GABORONE: The Southern African Development Community (SADC) on Wednesday equated the West’s targeted economic sanctions imposed on Zimbabwe to a “modern-day atrocity.”

It is now over 20 years since the imposition of the targeted sanctions, said Joao Lourenco, the president of Angola and chairperson of the SADC, in a statement released by the regional bloc’s headquarters in Gaborone to mark the annual SADC Anti-Sanctions Day.

“The targeted sanctions geared at a few individuals in Zimbabwe adversely impact the country,” said Lourenco, adding that the past two decades since the imposition of the targeted sanctions were marred by the inability of the people of Zimbabwe to achieve their full potential.

The United States adopted the Zimbabwe Democracy and Economic Recovery Act in 2001, which imposed targeted sanctions against selected Zimbabwean officials.

Similarly, in 2002, the European Union imposed sanctions against late Zimbabwean President Robert Mugabe and some of his allies.

Access to financial and capital markets

However, after two decades, the sanctions have harmed the rights and well-being of ordinary and otherwise innocent civilians, said Lourenco, adding that the sanctions limit Zimbabwe’s access to financial and capital markets.

“The extent of this block to Zimbabwe’s socio-economic growth on the livelihood of its people represents a modern-day atrocity, which we, as the SADC family, strongly feel is an impediment that leaves one of our members behind from our common quest for regional integration, growth and prosperity,” he said.

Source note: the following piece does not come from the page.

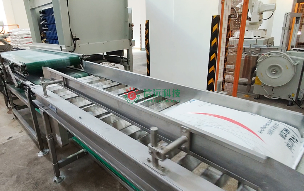我們先講水溶肥生產(chǎn)線的理包輸送系統(tǒng),該系統(tǒng)可以在輸送過程中,自動完成理包整形,是一套為終端碼垛提供平整料袋的自動化輸送線。該線由倒包輸送機(jī)、爬坡輸送機(jī)、彎道輸送機(jī)、振實(shí)輸送機(jī)、壓包輸送機(jī)、緩存輸送機(jī)、抓袋輸送機(jī)、噴碼機(jī)等組成,輸送速度快、料袋整形效果好。各種輸送機(jī)主體結(jié)構(gòu)采用不銹鋼材質(zhì)制造,扎實(shí)耐用,穩(wěn)定性好,便于維護(hù)。

During an SADC Anti-Sanctions Day webinar held in Gaborone on Wednesday, President Mokgweetsi Masisi of Botswana urged the international community to lift sanctions on Zimbabwe. He emphasized the need for a new narrative, direction and approach for the southern African country.

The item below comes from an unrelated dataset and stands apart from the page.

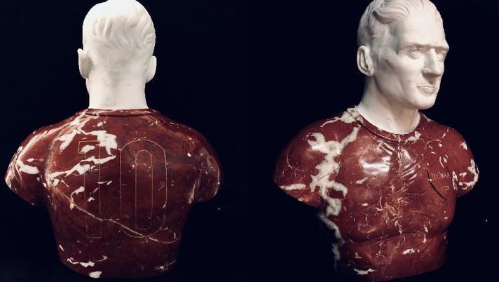 Si intitola "Aeterno", perché a Roma come lui nessuno mai. All'interno di una galleriad'arte della Capitale, ecco spuntare Francesco Totti: un importante bustodi marmo con i tratti dell'aeterno capitano , con una doppia colorazione - bianco statuario e rosso Francia - per riprendere le tinte della maglia (tanto che in rilievo è ben visibile lo scudetto con la scritta Roma 1927), ma anche quelle della passione e dell'amore che la città ha avuto per il suo grande campione e viceversa. La nuova opera dello scultore Stefano Mezzaroma dedicata alla leggenda giallorossa sarà esposta per la prima volta nella Galleria "Plus Arte Puls" situata Viale Mazzini 1 dal 10 al 12 maggio.

Masisi said an unconditional lifting of sanctions would create the conditions for Zimbabwe and the SADC region to spearhead national and regional growth and bolster good governance, human rights and social cohesion.

The SADC is a regional economic community comprising 16 member states, namely, Angola, Botswana, Comoros, the Democratic Republic of Congo, Eswatini, Lesotho, Madagascar, Malawi, Mauritius, Mozambique, Namibia, Seychelles, South Africa, Tanzania, Zambia and Zimbabwe.